Malaria: Suppression - Adult Dose: 500 mg (= 300 mg base) on exactly the same day of per week.

Pediatric Dose: The weekly suppressive dosage is 5 mg calculated as base, per kg of body mass, but shouldn't exceed the adult dose irrespective of weight.

If circumstances permit, suppressive therapy should begin fourteen days prior to exposure. However, failing this in older adults, a preliminary double (loading) dose of merely one g (= 600 mg base), or perhaps children 10 mg base/kg might be drawn in two divided doses, six hours apart. The suppressive therapy needs to be continued for two months after leaving the endemic area.
For Treatment of Acute Attack.

Adults: An initial dose of a single g (= 600 mg base) as well as one more 500 mg (= 300 mg base) after six to eight hours plus a single dose of 500 mg (= 300 mg base) on each of two consecutive days. This represents an overall dose of 2.5 g chloroquine phosphate or 1.5 g base in three days.

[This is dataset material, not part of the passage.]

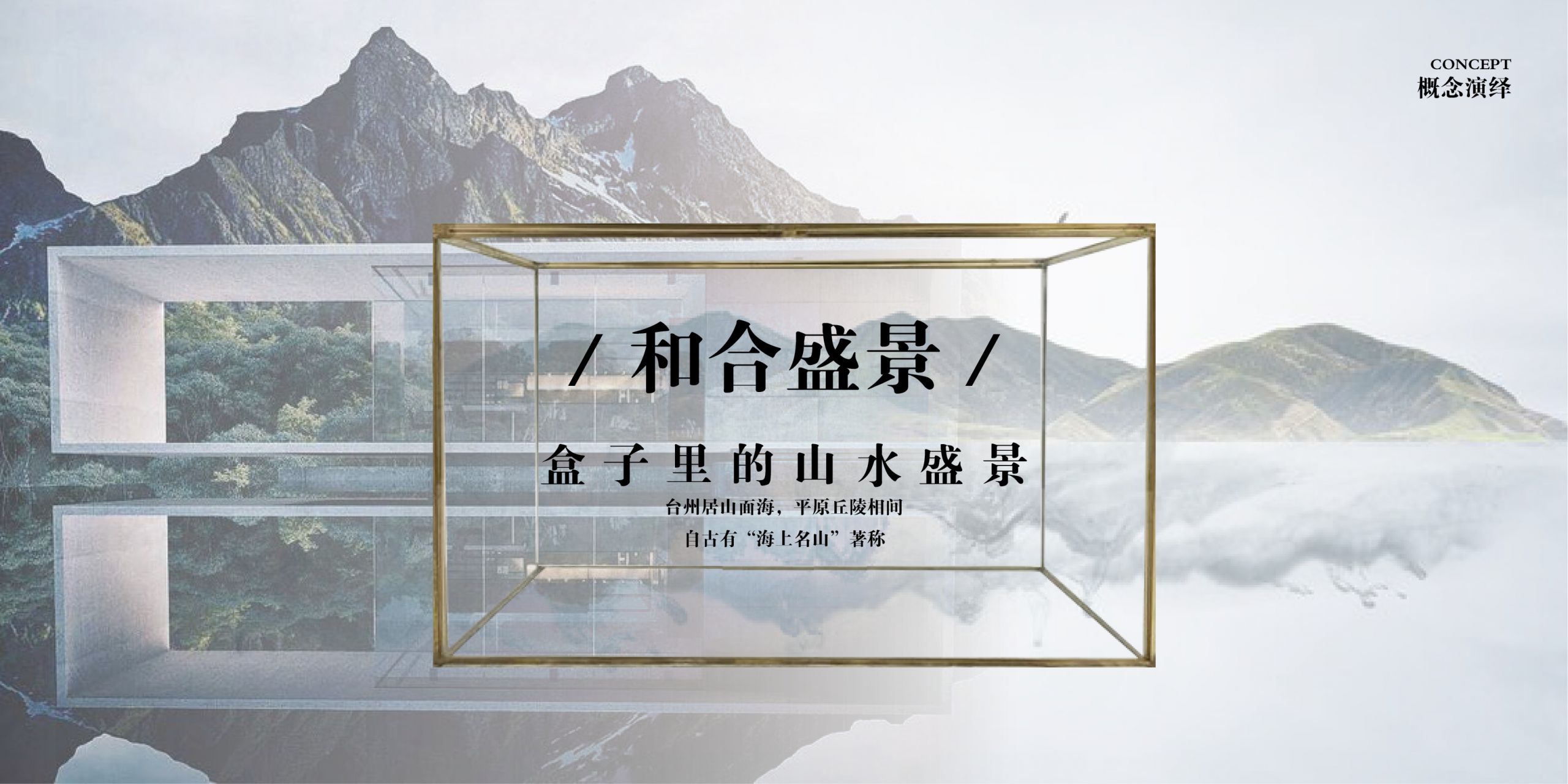 台州为“中国和合之乡”,设计溯源地域文脉和合之源,与区位天盛中心相融,提出“盛世天盛·和合成景”的概念主题,以台州居山面海、平原丘陵相间的独特山水脉络为灵感,以盒子里的山水盛景为思路,将台州山水之美通过景观语言转译纳入园中,以雅奢为笔,以纯粹为形,挖掘属于台州的山水诗意,营造一个“典而不古”的现代都市园林度假豪宅。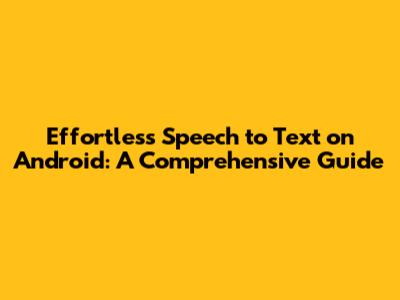 Effortless Speech To Text On Android: A Comprehensive Guide

The dosage for adults of low bodyweight as well as for infants and children needs to be determined as follows:

First dose: 10 mg base per kg (although not exceeding just one dose of 600 mg base).

Second dose: (6 hours after first dose) 5 mg base per kg (although not exceeding an individual dose of 300 mg base).

Third dose: (one day after first dose) 5 mg base per kg.

Fourth dose: (36 hours after first dose) 5 mg base per kg.

For radical cure of vivax and malariae malaria concomitant therapy by having an 8-aminoquinoline compound is important.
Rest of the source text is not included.